JAKARTA, KOMPAS.com - Badan Anggaran DPR RI yang telah membahas pendahuluan untuk Rancangan APBN 2019 bersama pemerintah telah menetapkan kebijakan umum belanja pemerintah pusat. Dalam komponen belanja, salah satu yang disertakan adalah arah kebijakan subsidi.

Wakil Ketua Banggar DPR RI Jazilul Fawaid dalam rapat paripurna di DPR RI, Kamis (12/7/2018) siang, membagi kebijakan subsidi ke beberapa bagian, yakni subsidi bahan bakar minyak (BBM) dan elpiji tabung 3 kilogram, subsidi listrik, serta subsidi non energi.

"Melanjutkan pemberian subsidi tetap untuk BBM jenis minyak solar dan subsidi atau selisih harga untuk minyak tanah dan elpiji tabung 3 kilogram," kata Jazilul di hadapan peserta rapat.

Selain itu, pemerintah juga diminta untuk menyalurkan elpiji tabung 3 kilogram lebih tepat sasaran serta mengintegrasikan bantuan tersebut dengan program bantuan sosial yang lain.
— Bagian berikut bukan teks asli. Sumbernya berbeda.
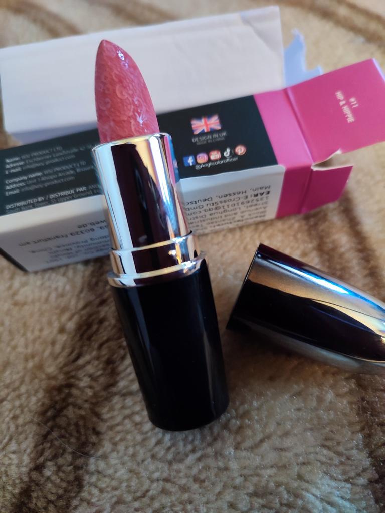 * Lipstick with swimmer effect * 💥𝗟𝗶𝗲𝗳𝗲𝗿𝘇𝗲𝗶𝘁 Exactly two weeks 💥𝗟𝗶𝗲𝗳𝗲𝗿𝘂𝗺𝗳𝗮𝗻𝗴 The delivery includes 1 lipstick in the corresponding color. It is available in 5 different colors. The lipstick contains 4 g. I ordered it in color number 11 (Hip and Hippie). 💥𝗤𝘂𝗮𝗹𝗶𝘁ä𝘁 The lipstick is very creamy in its texture and is easy to apply to the lips, especially since it is cut at an angle... this makes it easier to apply precisely. I particularly like the fact that it has a beautiful paisley flower embossing on the side. I also think the packaging is really beautiful, it changes from black to silver (see video). My chosen color (number 11) is perfect for blondes! It is light pink with a beautiful pearl shimmer. I also think it's great that it moisturizes the lips wonderfully. The only disadvantage is that it's not kiss-proof and you have to keep reapplying it after eating.. The lipstick is absolutely odorless and tasteless. 💥𝗙𝗮𝘇𝗶𝘁 Super beautiful lipstick, which comes in exactly the same color as shown in the manufacturer's pictures. The only downside is that it is not kiss-proof. But it doesn't bother me any further.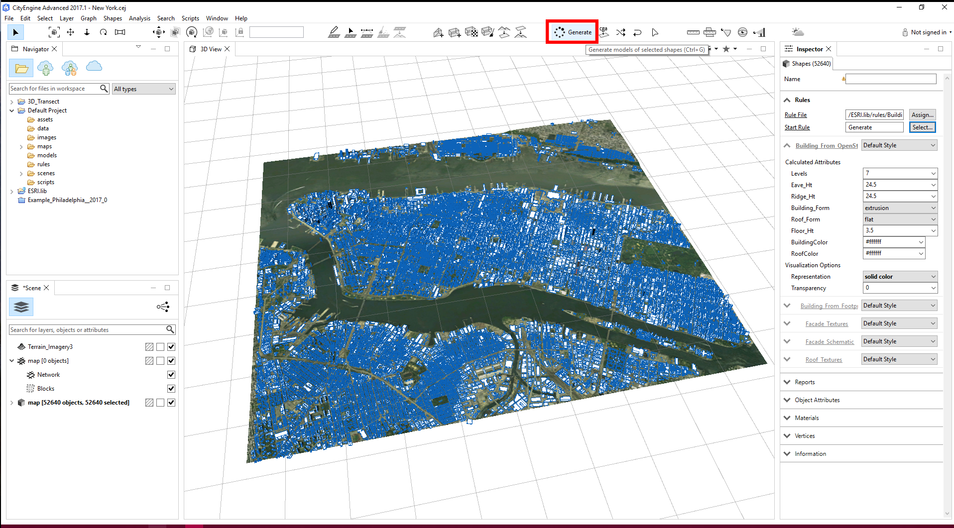 With the building polygons selected, click on the Generate button to apply the Open Street Map CGA rule.

Pemerintah juga disarankan agar penyaluran subsidi elpiji tabung 3 kilogram dilakukan dengan pola tertutup.

Baca juga: Jonan Pastikan BBM Subsidi Tahun Ini Tak Naik

Mengenai listrik, kebijakan tahun 2019 akan tetap melanjutkan subsidi untuk pelanggan rumah tangga daya 450 VA dan rumah tangga miskin dan tidak mampu untuk daya 900 VA. Pemberian subsidi itu mengacu pada Data Terpadu Program Penanganan Fakir Miskin.

"Juga mengembangkan energi baru terbarukan, khususnya di pulau-pulau terdepan yang berbatasan dengan negara lain dan daerah terpencil, serta menyubstitusi PLTD (Pembangkit Listrik Tenaga Diesel) di daerah terisolasi," tutur Jazilul.
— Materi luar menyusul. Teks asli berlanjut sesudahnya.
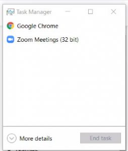 All players are required to share their screen in Zoom with Task Manager “Always in top.” Task Manager (see screenshot below) reveals what programs are running in the computer and the history of applications opened cannot be erased. Players are allowed to open only the Tornelo browser and Zoom.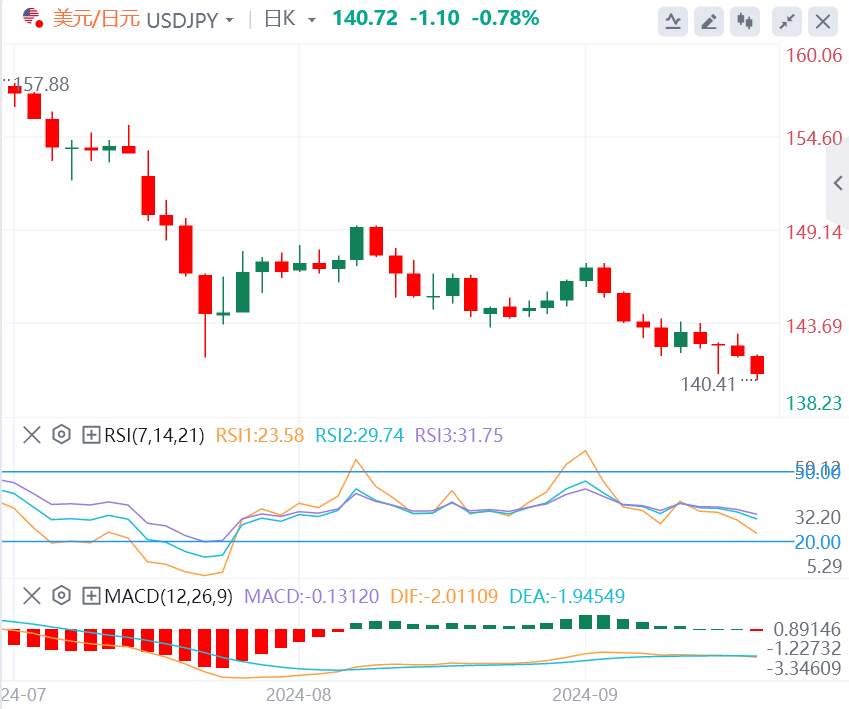 惠誉评级在其最新报告中表示,他们预计日本央行(BoJ)将在2024年底前将利率上调至0.5%,在2025年上调至0.75%,在2026年底前上调至1%。在周四收盘小幅走低后,美元/日元在欧洲早盘继续走低,当日最后一次下跌0.5%至141.10。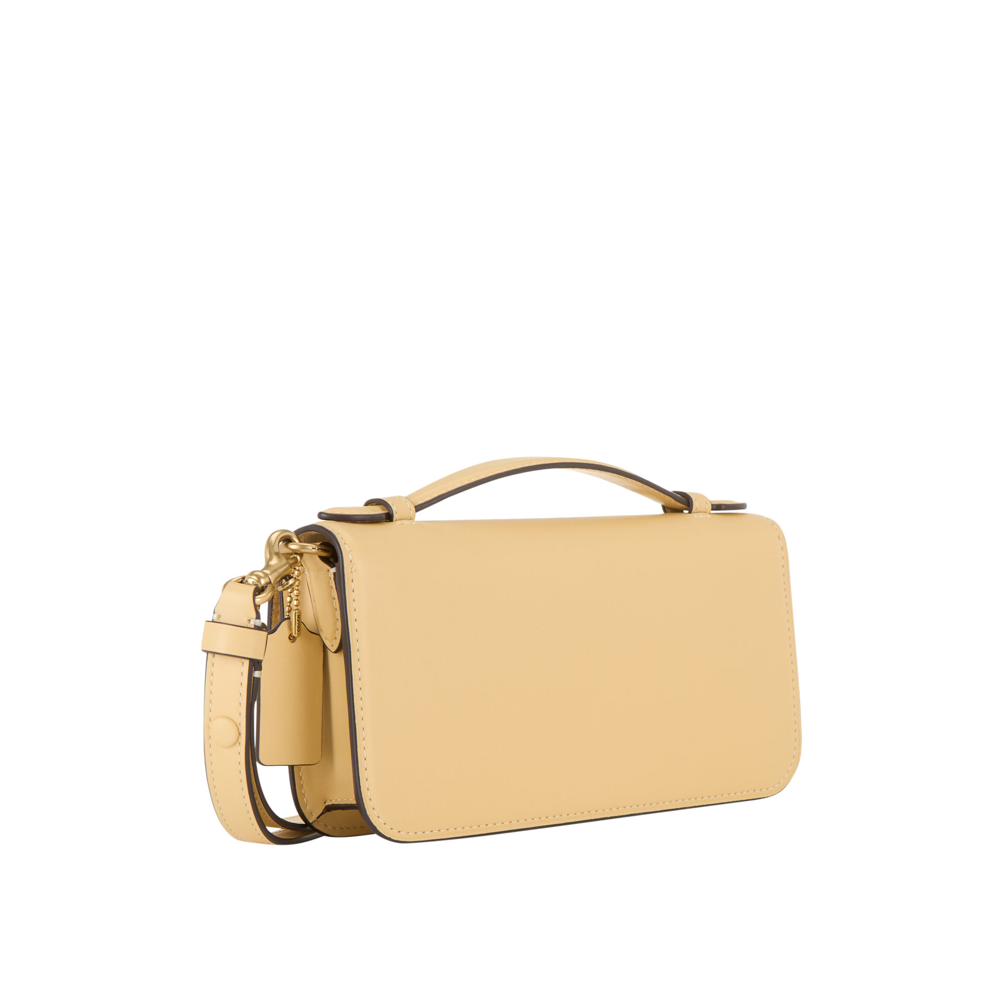- Top handle, gold-toned hardware, lobster fastenings, smooth finish, flap closure, crossbody strap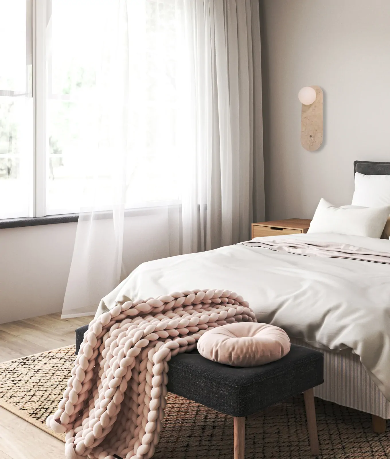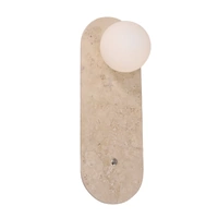 POI: Interior Oblong Travertine Base with Beige Finish & Round Opal Diffuser Wall Light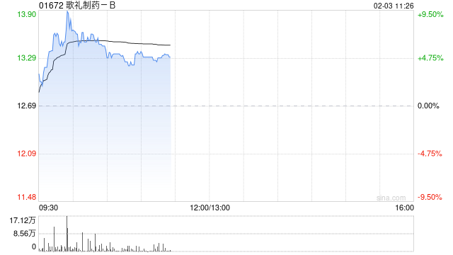 歌礼制药-B早盘涨超7% 拟折让约4%配股净筹约8.353亿港元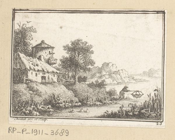 Editor: So, here we have "Landscape with two fishing figures and an inn on a river", an engraving by Quentin Pierre Chedel, sometime between 1725 and 1763. It has such a light, almost dreamlike quality to it. What strikes you most about this print? Curator: I'm drawn to the material conditions that made this image possible. Look closely. The lines etched into the copperplate, the way the ink adheres to the paper... Consider the artisan labor, the hours spent meticulously creating this reproducible image. These prints weren’t precious objects; they were part of a network of information, accessible to a growing consumer culture. How does that mass production affect its perceived value? Editor: That’s a great point! I hadn't really considered the printmaking process itself. So, its value comes, not necessarily from the image it represents, but the accessibility that the print offers and enables. But, if the image it portrays is part of that consumer culture, what does this landscape tell us about the 18th century and its consumption patterns? Curator: Precisely! It romanticizes rural life. It presents a carefully curated scene of leisure: figures fishing, an inviting inn, and rolling hills. Consider that alongside the increasing urbanization of the period. These images likely played a role in shaping perceptions and desires for an idealized, perhaps unattainable, country escape. It presents labor as peaceful past time, rather than an economic burden. Who had access to that image, and to that idyllic life that they likely never experienced? Editor: So, the value lies not just in its artistry, but in understanding its production, its role in disseminating ideas, and shaping the social landscape. It definitely shifts how I view it – beyond just a pretty landscape. Curator: Exactly. It’s about recognizing art as a product, influenced by – and in turn, influencing – the material world. Editor: Thanks. That's been really enlightening!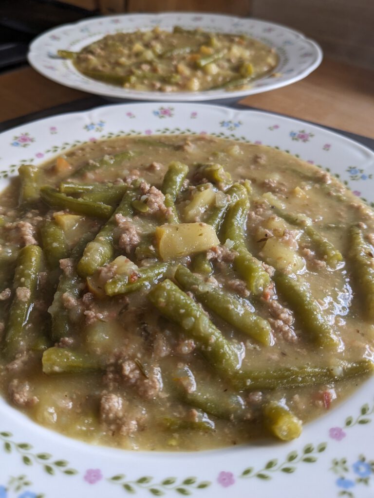 - Schnippelbohnen-Eintopf abschmecken und servieren.

Adapun subsidi non energi akan mencakup subsidi pupuk melalui kartu tani, perbaikan layanan umum bidang komunikasi dan transportasi kelas ekonomi, hingga subsidi LRT Jabodebek.

Pemerintah juga melanjutkan peningkatan daya saing dan permodalan bagi UMKM, pembiayaan perumahan bagi masyarakat berpenghasilan rendah, kebutuhan akses air minum, dan insentif Pajak Penghasilan (PPh) ditanggung pemerintah untuk panas bumi dan SBN.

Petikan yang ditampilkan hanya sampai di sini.